**TASK DESCRIPTION:**
Print each record exactly as it appears, but drop the images.
··· AVAILABLE RECORDS ···
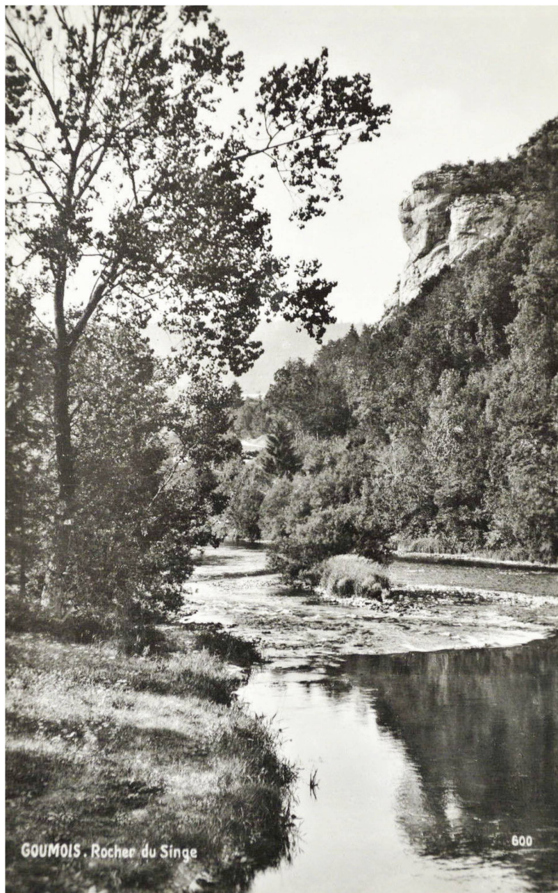
Fig. 7 : Carte postale photographique du rocher du Singe à Goumois.
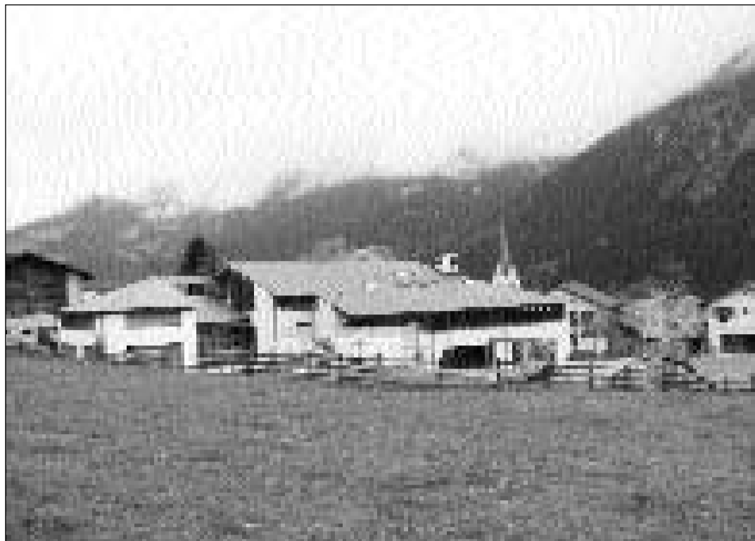
Entamez la vischnanca è l'unica scola primara sutsilvana.
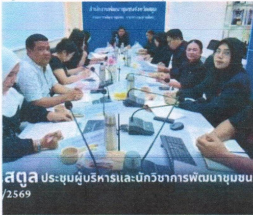
สตูล ประชุมผู้บริหารและนักวิชาการพัฒนาชุมชน /2569
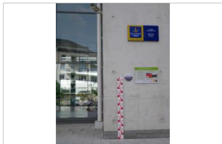
Vue du repère en 2011, source : département du Loiret.

MARQUE Texte : 2 juin 1856 - plus hautes eaux connues - La Loire Maximum de l'inondation : Oui Visibilité : Oui État du repère : Bon Pérennité : Longue Repère calculé : Non renseigné PHEC : Oui
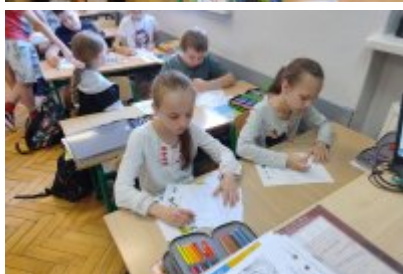
Ekologiczne spotkania w SP1
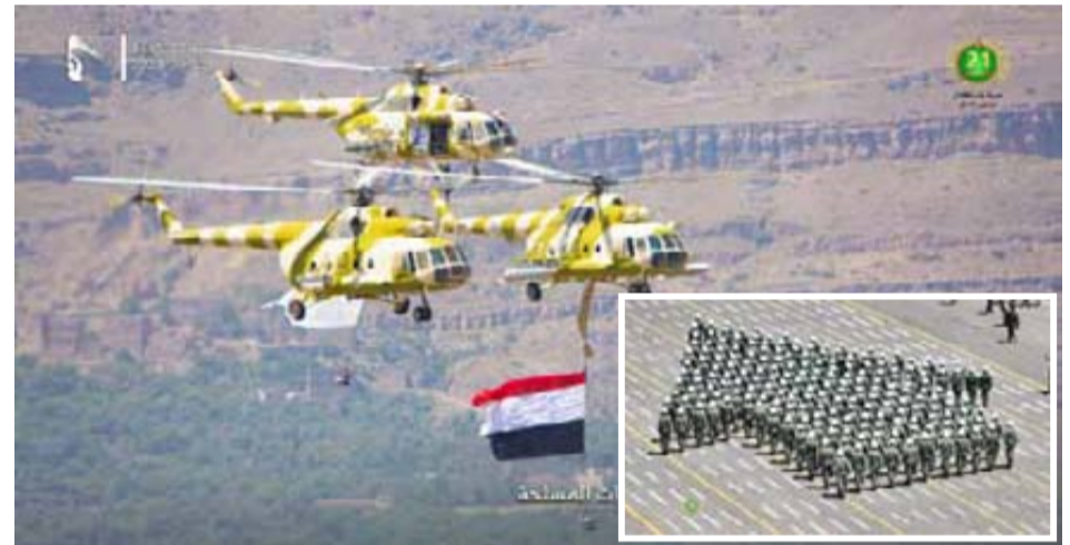
عرضت القوات المسلحة منظومات الكشف والتعقب ومنها:
···
**SOLVED EXERCISE:**
Fig. 7 : Carte postale photographique du rocher du Singe à Goumois.
Entamez la vischnanca è l'unica scola primara sutsilvana.
สตูล ประชุมผู้บริหารและนักวิชาการพัฒนาชุมชน /2569
Vue du repère en 2011, source : département du Loiret.

MARQUE Texte : 2 juin 1856 - plus hautes eaux connues - La Loire Maximum de l'inondation : Oui Visibilité : Oui État du repère : Bon Pérennité : Longue Repère calculé : Non renseigné PHEC : Oui
Ekologiczne spotkania w SP1
عرضت القوات المسلحة منظومات الكشف والتعقب ومنها:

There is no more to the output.